Why intertwine the two? Practically the same location, same owner, same source for blends, both kept largely out of the single malt universe. Then in 2003, Diageo launched its classic malts selection and the Clynelish wild cat became available to the world.
And what did our Whisky Ladies find?
- Nose – Overripe fruit, plum, soft pears, bananas, almost a bit musty, a nutrition bar, nutty honey, chocolate fudge, then more caramel, citrus rinds
- Palate – What a contrast! Not sweet as the nose suggested but instead hickory smoke, quite satisfying, nice round but hard to pull out anything in particular initially, then dry tobacco, a mulch of organic leaves, earthy
- Finish – Very sweet, dry, developing longer wet sweet tobacco with a slight curl of spice
For some, they much preferred the nose to the palate. For others it was the reverse. And some were particularly happy to finally have a satisfying finish.

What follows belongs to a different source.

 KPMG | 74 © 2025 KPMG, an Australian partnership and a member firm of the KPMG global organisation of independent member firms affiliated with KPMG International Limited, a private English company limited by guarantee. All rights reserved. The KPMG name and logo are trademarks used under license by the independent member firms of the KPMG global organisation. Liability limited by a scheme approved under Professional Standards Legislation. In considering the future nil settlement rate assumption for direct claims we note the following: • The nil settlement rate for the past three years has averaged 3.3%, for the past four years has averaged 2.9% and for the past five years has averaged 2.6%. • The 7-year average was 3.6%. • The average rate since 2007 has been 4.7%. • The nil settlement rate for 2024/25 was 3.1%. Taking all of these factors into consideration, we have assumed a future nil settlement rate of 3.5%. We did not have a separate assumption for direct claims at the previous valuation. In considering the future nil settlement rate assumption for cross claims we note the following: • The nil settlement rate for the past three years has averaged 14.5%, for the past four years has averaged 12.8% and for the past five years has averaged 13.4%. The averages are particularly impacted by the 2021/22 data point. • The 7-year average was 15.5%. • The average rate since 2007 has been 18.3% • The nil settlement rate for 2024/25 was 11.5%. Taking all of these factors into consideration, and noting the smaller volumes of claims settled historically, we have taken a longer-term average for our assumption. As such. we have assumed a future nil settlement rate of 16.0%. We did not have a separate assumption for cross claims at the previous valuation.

Overall many were pleasantly surprised to find how much they enjoyed the Clynelish which had more substance than initially expected. Still very much in the lighter vein it isn’t a complete lightweight to be immediately dismissed.
Here’s what the folks over at Clynelish have to say:
The 14 year old Clynelish single malt offers sweet floral fragrances and maritime flavours with a light, dry finish – a classic case of a coastal malt with a subtle island character.

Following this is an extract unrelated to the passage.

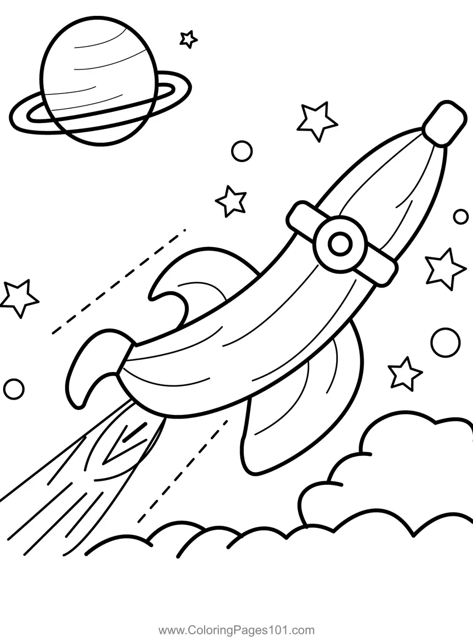 Banana Spaceship Explores Planets Coloring Page

And from the bottle, the following tasting notes:
- Nose – The nose starts with light candle wax, with some sugar and a faint floral fragrance. Adding a little water brings this into focus, the candle wax is now richly scented as if , when strolling near the beach, you have come across sun-dried flowers among the sand dunes.
- Palate/Finish – On the spicy palate there’s a signature oily mustard-cress crispness, which is underscored by some maritime saltiness in the satisfying drying finish.
Which garnered responses like:
“Not just any old flower but specifically sun-dried flowers… on the beach.. nestled amongst the sand dunes… “
“Who would put candlewax in their mouth?!”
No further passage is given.